This paper aims to propose a Multi-scale Capsule-weighted Fusion Classification Network (MCFCN), a classification model for automatic diagnosis of lung lesions by CT scanning.

Background

The automatic diagnosis of lung lesions based on chest CT scans plays a crucial role in assisting doctors to identify suspicious cases quickly and accurately. However, existing methods struggle to differentiate lesions with similar morphologies, and current feature extraction techniques lack the ability to effectively highlight small-scale targets in a large-scale environment, leading to incomplete extraction of subtle features and ultimately compromising the classification performance.

Method

The MCFCN employs a dynamic routing clustering algorithm to emphasize small-scale features, preventing feature loss. Additionally, a scale difference fusion network is utilized to extract precise position scaling parameters by incorporating weighted fusion of information from different scales.

Results

MCFCN achieves an accuracy of 99.41% for COVID-19 classification, 93.33% for CAP classification, and 100% for Normal classification, with an overall accuracy of 98.36%.

Conclusion

Experimental results on the target dataset demonstrate that MCFCN outperforms state-of-the-art methods.
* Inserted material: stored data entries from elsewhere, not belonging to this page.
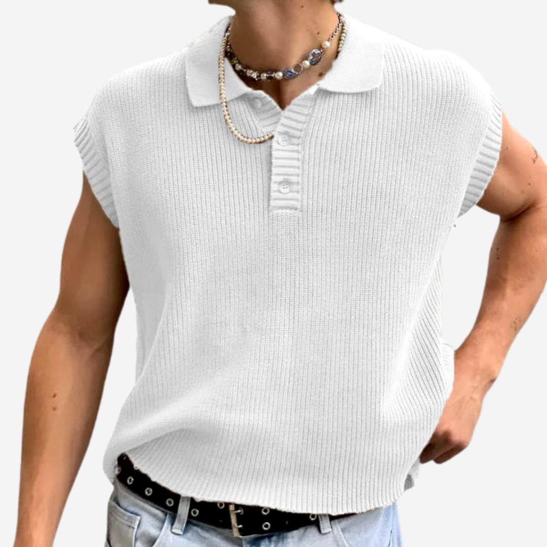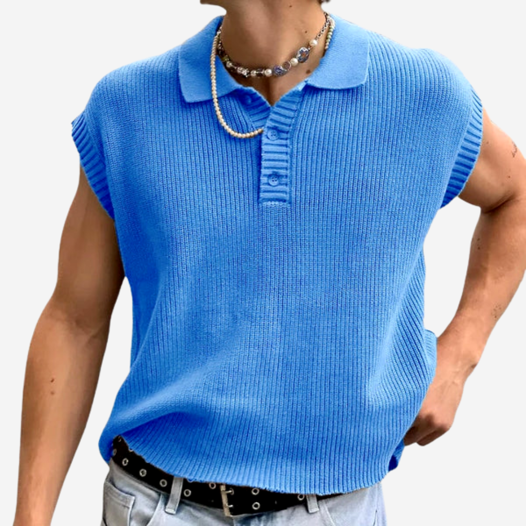Introducing the Tom Carter Knitted Top: a stylish and versatile addition to any modern man's wardrobe. This premium men's sleeveless knitted top is the perfect blend of comfort and sophistication, perfect for casual outings or dressing up for a night out on the town.
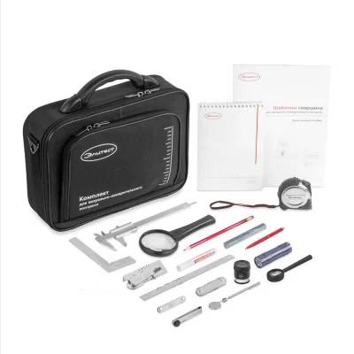 Для проведения вышеперечисленных операций набор ВИК «Эксперт» комплектуется: универсальным шаблоном сварщика, штангенциркулем, металлическими линейкой и угольником, наборами щупов и радиусных шаблонов, лупами просмотровыми с подсветкой и без, измерительной лупой с подсветкой, телескопическим инспекционным зеркалом, карманным фонарем с батарейками и рулеткой. Для фиксации и хранения результатов контроля в наборе ВИК «Эксперт» поставляются USB-флэш-накопитель (16 ГБ), блокнот, ручка и карандаш. Для пометок и записей на объектах контроля применяются несмываемый маркер и высокотемпературный мелок.
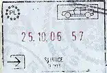 The stamps are always in black except the date, which is in red. The stamps feature an arrow at the top left corner, pointing left to denote departure, or pointing right for arrival together with a cartoon of the mode of transport at the top right corner.
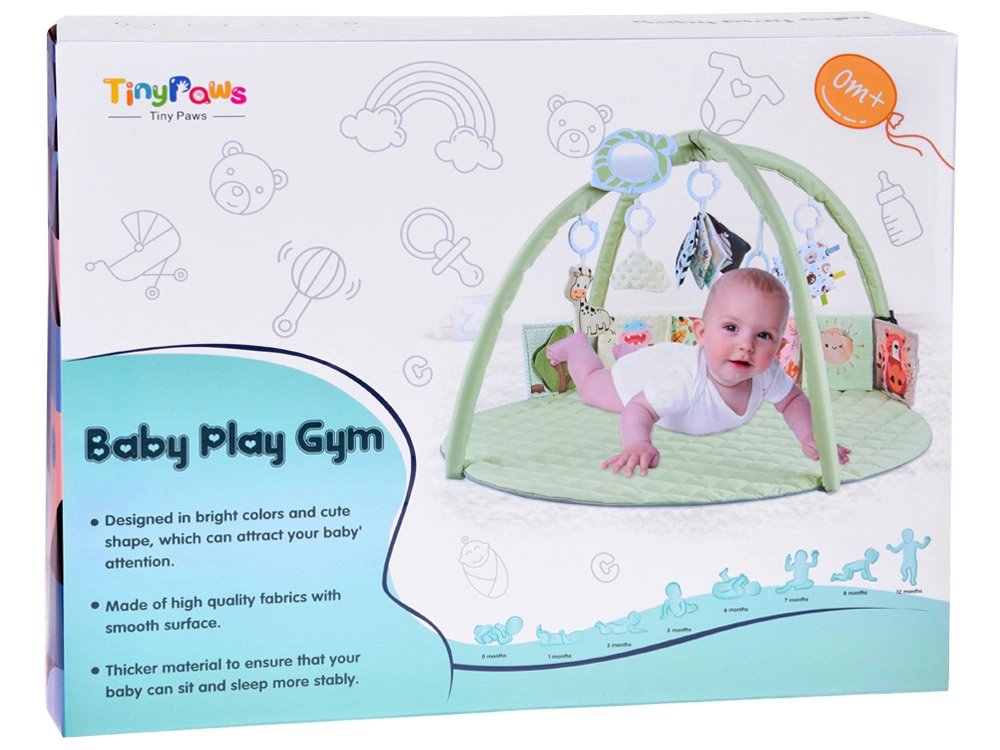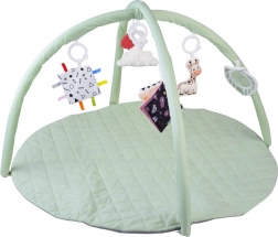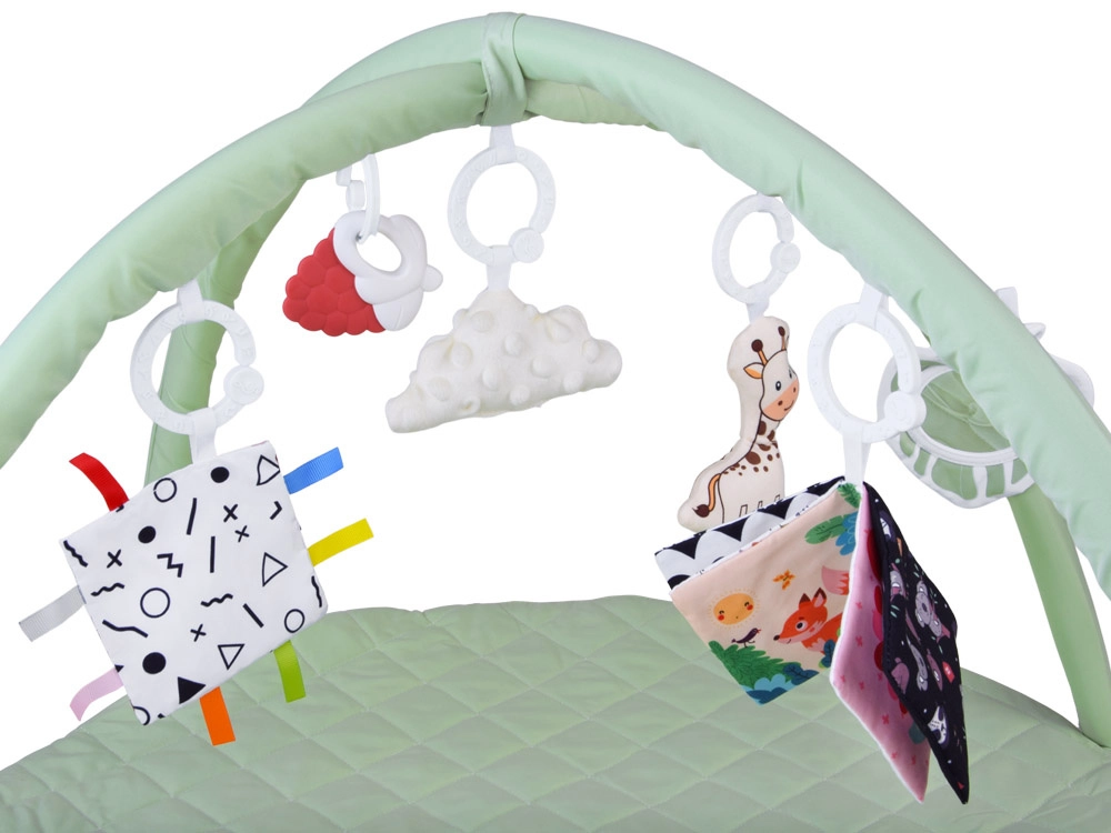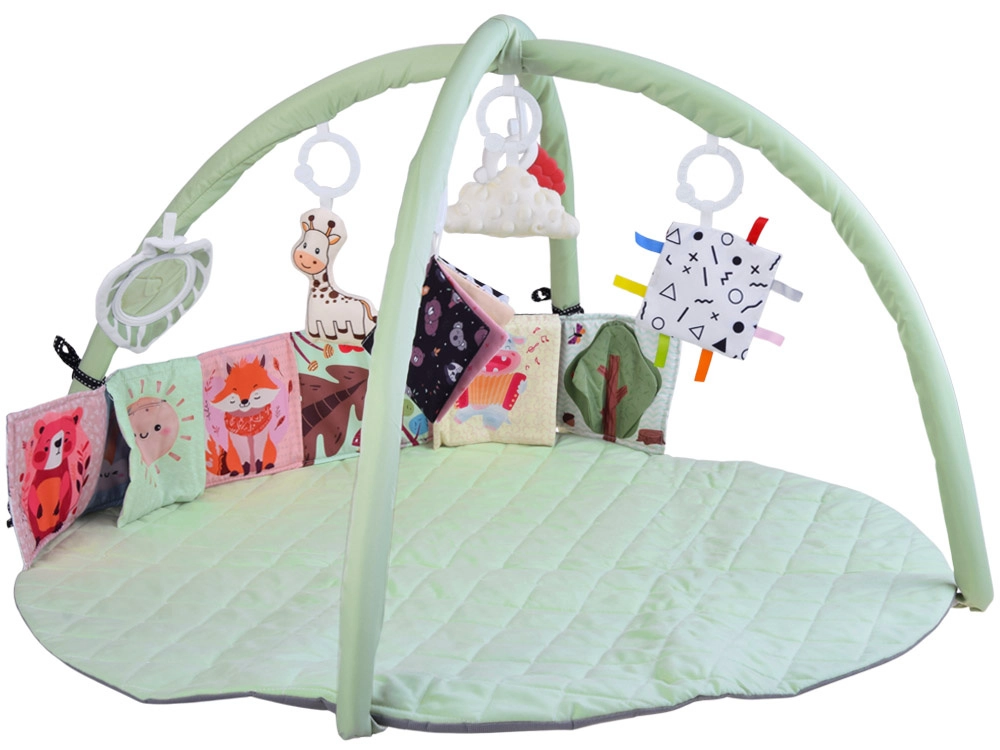 Táto okrúhla, jemne polstrovaná hracia deka v pastelovo mätovej farbe vytvára bezpečné a pohodlné miesto na každodenné objavovanie. Dva pružné oblúky s jednoduchým odopínaním umožnia rýchlu údržbu aj kompaktné zloženie na cesty. Rôznorodé textúry, šuštivé prvky a kontrastné vzory prirodzene rozvíjajú zrak, sluch aj hmat, zatiaľ čo závesné hračky motivujú k naťahovaniu, kopaniu a otáčaniu.
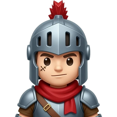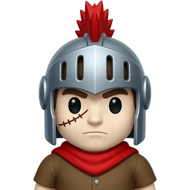 a white droblox character with a stiuched scar under his eye, with a knight helmet that has ared mohawk, and a red scarf and brown shirt emoji
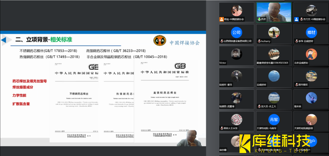 焊接協會召開了線上團體標準宣貫會,會議由中國http://www.92wangjiazhu.cn/business/content1.html協會副秘書長方乃文主持。會議邀請了上海電機學院材料連接與界面工程研究所副所長劉西洋副教授就T/CWAN 0042—2020 《藥芯焊絲制備工藝及質量評價規范》團體標準進行了宣貫解讀。線上共有30多家單位40余位代表參加了宣貫會。

In the future, this model can be further explored and optimized to enhance its application value in clinical practice

Abstract Image

MCFCN:基于胸部 CT 扫描的多尺度胶囊加权融合肺病分类网络
目的和范围本文旨在提出一种多尺度胶囊加权融合分类网络(MCFCN),这是一种通过CT扫描自动诊断肺部病变的分类模型。 背景基于胸部CT扫描的肺部病变自动诊断在协助医生快速准确地识别可疑病例方面发挥着至关重要的作用。方法 MCFCN 采用动态路由聚类算法来强调小尺度特征,防止特征丢失。结果MCFCN的COVID-19分类准确率为99.41%,CAP分类准确率为93.33%,Normal分类准确率为100%,总体准确率为98.36%。结论在目标数据集上的实验结果表明,MCFCN的性能优于最先进的方法。未来,该模型还可以进一步探索和优化,以提高其在临床实践中的应用价值。
本文章由计算机程序翻译,如有差异,请以英文原文为准。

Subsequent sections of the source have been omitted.